Monitoring circuit breaker state via Actuator:
GET /actuator/health
{
"components": {
"circuitBreakers": {
"details": {
"order-service": {
"status": "UP",
"details": {
"state": "CLOSED",
"failureRate": "20.0%",
"slowCallRate": "0.0%"
}
}
}
}
}
}
Alert on circuit breaker state changes — CLOSED to OPEN is a signal that a downstream service is degraded.
Retry — with backoff and jitter
Retries handle transient failures — network glitches, brief service restarts, rate limiting. Without controls, retries amplify load on a struggling service:
resilience4j:
retry:
instances:
order-service:
max-attempts: 3
wait-duration: 500ms
enable-exponential-backoff: true
exponential-backoff-multiplier: 2
exponential-max-wait-duration: 10s
retry-exceptions:
- java.net.ConnectException
- java.net.SocketTimeoutException
- org.springframework.web.reactive.function.client.WebClientResponseException$ServiceUnavailable
ignore-exceptions:
- com.example.OrderClientException # 4xx errors — don't retry
@Retry(name = "order-service", fallbackMethod = "getOrderFallback")

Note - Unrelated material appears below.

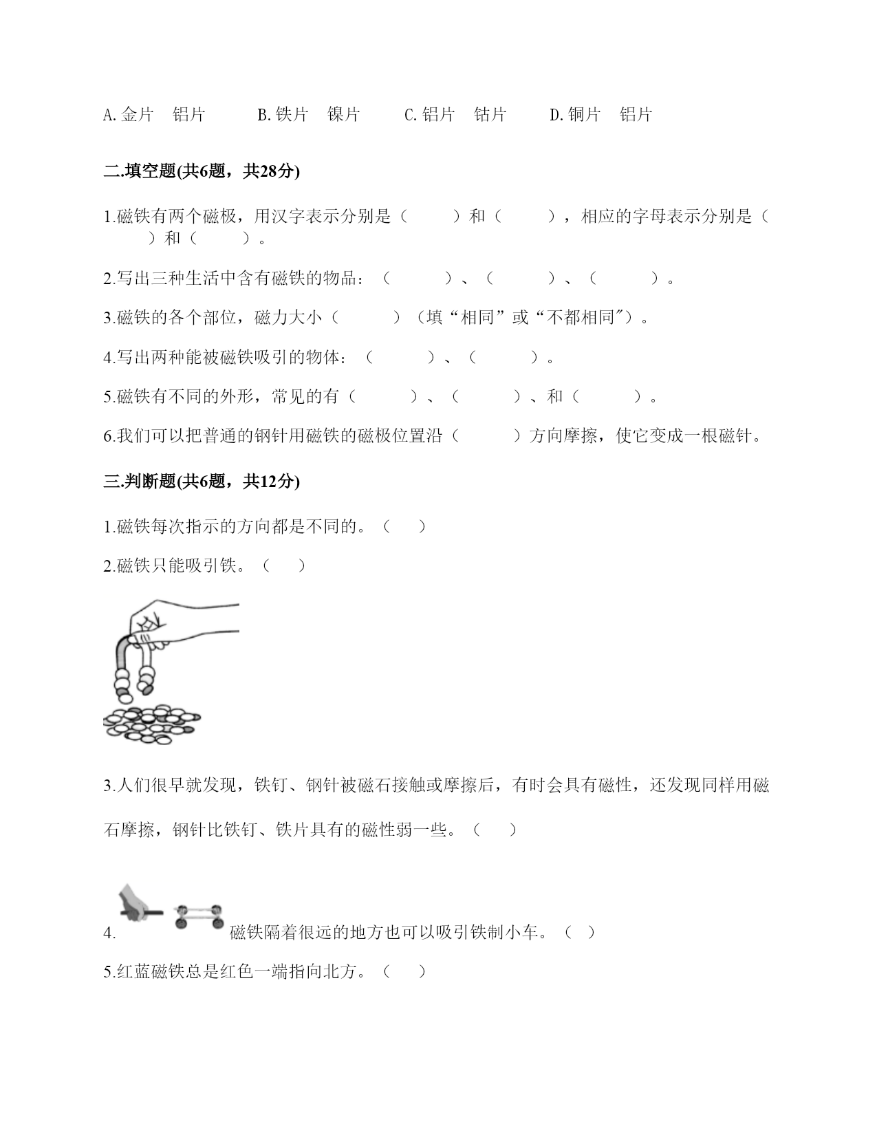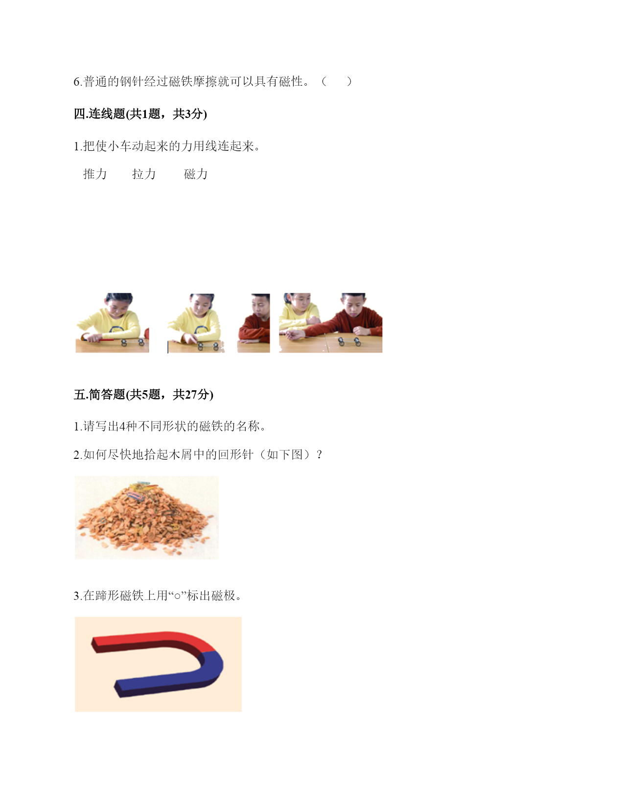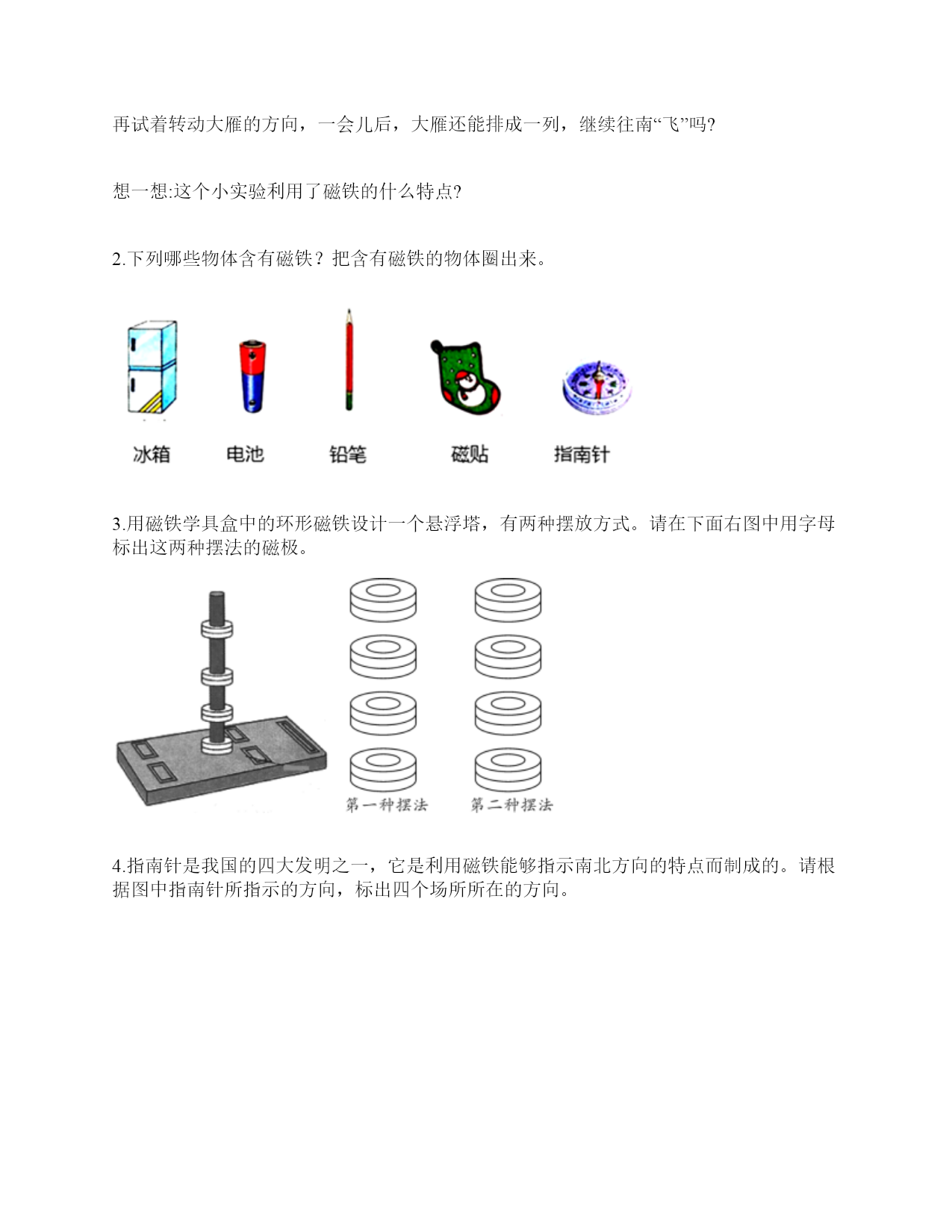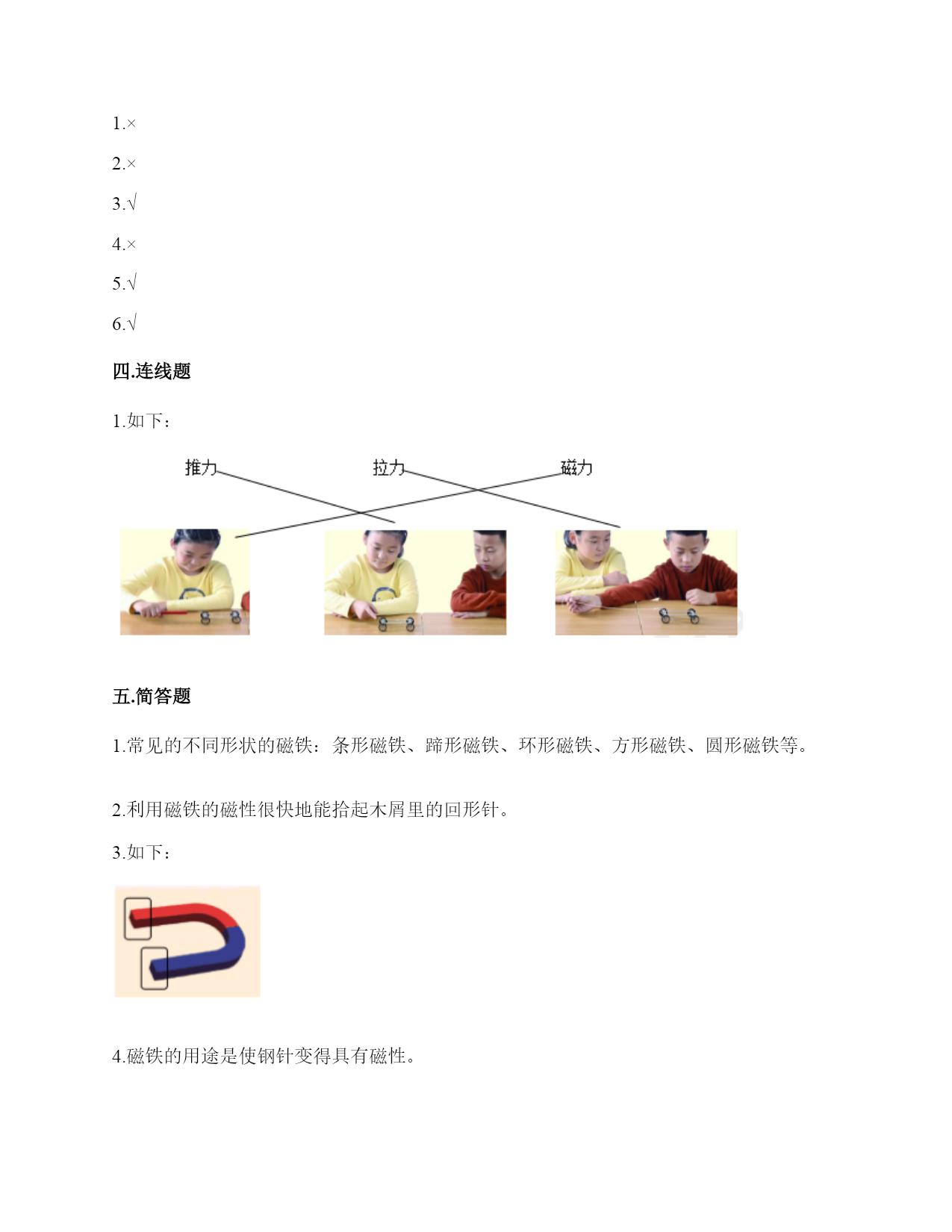 小学科学《磁铁》练习题一.选择题(共6题,共12分)1.现在很多门都会装上门吸,门吸利用的是磁铁磁极间()的性质。A.同极相互排斥B.异极相互吸引C.异极相互排斥2.天琪先用纸片和回形针做了一个小鸭子,然后用磁铁在纸板下方让小鸭子“游泳”,如图所示,这个实验说明磁铁()。A.有魔力B.能吸引纸板C.隔着纸板也能吸引物体3.把一颗小钢珠放在磁性比较强的蹄形磁铁上,松开手,可能发生的现象是()。A.小钢珠不动B.小钢珠会掉下来C.小钢珠会滚向蹄形磁铁的磁极部位4.冰箱门里安装磁铁,起的作用是()。A.既可以吸住又方便开关B.牢牢吸住C.防止食物变质5.磁力黑板擦(如图)的发明,利用了()。A.磁铁能指示方向的特点B.磁极相互排斥的原理C.磁铁可以吸引铁的性质6.下列物体中,磁铁能够吸引的一组是()。A.金片铝片B.铁片镍片C.铝片钴片D.铜片铝片二.填空题(共6题,共28分)1.磁铁有两个磁极,用汉字表示分别是()和(),相应的字母表示分别是()和()。2.写出三种生活中含有磁铁的物品:()、()、()。3.磁铁的各个部位,磁力大小()(填“相同”或“不都相同")。4.写出两种能被磁铁吸引的物体:()、()。5.磁铁有不同的外形,常见的有()、()、和()。6.我们可以把普通的钢针用磁铁的磁极位置沿()方向摩擦,使它变成一根磁针。三.判断题(共6题,共12分)1.磁铁每次指示的方向都是不同的。()2.磁铁只能吸引铁。()3.人们很早就发现,铁钉、钢针被磁石接触或摩擦后,有时会具有磁性,还发现同样用磁石摩擦,钢针比铁钉、铁片具有的磁性弱一些。()4.磁铁隔着很远的地方也可以吸引铁制小车。()5.红蓝磁铁总是红色一端指向北方。()6.普通的钢针经过磁铁摩擦就可以具有磁性。()四.连线题(共1题,共3分)1.把使小车动起来的力用线连起来。推力拉力磁力五.简答题(共5题,共27分)1.请写出4种不同形状的磁铁的名称。2.如何尽快地拾起木屑中的回形针(如下图)?3.在蹄形磁铁上用“○”标出磁极。4.在制作水浮式指南针时,我们会用到一块磁铁,请问磁铁的用途是什么?5.我们在游乐场会看到有卖向上漂浮的气球,这是因为里面装入了比空气轻的氢气或氦气,你能用磁铁的原理代替氢气做出漂浮气球的效果吗?(请想一想,画出你的设计想法)六.综合题(共5题,共32分)1.深秋季节,你看到过大雁南飞的景象吗?原来,大雁南飞也与“磁”有关。在大雁的身体里,有一套天然的“地磁导航系统”。利用磁铁,我们可以模拟大雁南飞。实验材料:条形磁铁3块,棉线3根,纸、笔、剪刀、双面胶等。实验过程:①剪。在纸上画3只大雁,并用剪刀剪下。②贴。把系着棉线的条形磁铁粘在大雁的反面。S极朝着大雁的头部。③挂。把制作好的大雁挂起来,观察大雁的头是不是朝向南方。④排。把制作好的3只大雁排成一列。静止后,大雁们是不是都朝着南方“飞行”了?再试着转动大雁的方向,一会儿后,大雁还能排成一列,继续往南“飞”吗?想一想:这个小实验利用了磁铁的什么特点?2.下列哪些物体含有磁铁?把含有磁铁的物体圈出来。3.用磁铁学具盒中的环形磁铁设计一个悬浮塔,有两种摆放方式。请在下面右图中用字母标出这两种摆法的磁极。4.指南针是我国的四大发明之一,它是利用磁铁能够指示南北方向的特点而制成的。请根据图中指南针所指示的方向,标出四个场所所在的方向。游泳馆()学校()邮局()书店()5.子枫想用钢针制作一个指南针,他的操作过程如下图所示,请仔细观察,并解决问题。1.如图所示的步骤叫做()。A.消磁B.磁化C.加磁2.制作磁针时,要用磁铁的磁极位置在钢针上()。A.来回反复摩擦B.沿一个方向反复摩擦C.先沿一个方向摩擦几次,再沿反方向摩擦几次3.制作磁针时,用磁铁的()在钢针上反复摩擦。A.一个磁极B.两个磁极C.中间部位4.如图是子枫在()。A.固定钢针B.测试钢针的磁性如图是子枫在用真正的指南针()。A.确定方向B.测量方向参考答案一.选择题1.B2.C3.C4.A5.C6.B二.填空题1.南极;北极;S;N2.冰箱门;磁力扣;门吸3.不都相同4.回形针;一元硬币5.条形磁铁;蹄形磁铁;环形磁铁6.一个三.判断题1.×2.×3.√4.×5.√6.√四.连线题1.如下:五.简答题1.常见的不同形状的磁铁:条形磁铁、蹄形磁铁、环形磁铁、方形磁铁、圆形磁铁等。2.利用磁铁的磁性很快地能拾起木屑里的回形针。3.如下:4.磁铁的用途是使钢针变得具有磁性。5.在气球顶上粘一个回形针,在气球上方的盒子上粘一块磁铁,让气球

@CircuitBreaker(name = "order-service", fallbackMethod = "getOrderFallback")
public Order getOrder(String orderId) {
return client.get()
.uri("/orders/{id}", orderId)
.retrieve()
.bodyToMono(Order.class)
.block(Duration.ofSeconds(5));
}
@Retry and @CircuitBreaker compose — retries happen first, then the circuit breaker tracks the final outcome. If all retries fail, the circuit breaker records one failure (not three).
Jitter. Exponential backoff without jitter causes synchronized retries when multiple callers hit the same service failure simultaneously — they all back off to the same interval and retry together. Add jitter:
resilience4j:
retry:
instances:
order-service:
enable-exponential-backoff: true
exponential-backoff-multiplier: 2
randomized-wait-factor: 0.5 # ±50% jitter on wait duration
With randomized-wait-factor: 0.5 and a 500ms base, retries happen between 250ms and 750ms — staggered across callers.
Rate limiter — protecting downstream services
A rate limiter prevents sending more requests than a downstream service can handle:
resilience4j:
ratelimiter:
instances:
payment-service:
limit-for-period: 100 # max 100 calls per period
limit-refresh-period: 1s # period resets every second
timeout-duration: 100ms # wait up to 100ms to acquire a permit
@RateLimiter(name = "payment-service", fallbackMethod = "chargeRateLimitFallback")
public PaymentResult charge(PaymentRequest request) {
return paymentClient.charge(request);
}
private PaymentResult chargeRateLimitFallback(PaymentRequest request,
RequestNotPermitted ex) {
throw new RateLimitExceededException("Payment service rate limit exceeded");
}
The rate limiter is useful when a downstream service has documented rate limits (payment processors, email services, third-party APIs). It prevents your service from exceeding those limits and triggering 429 responses.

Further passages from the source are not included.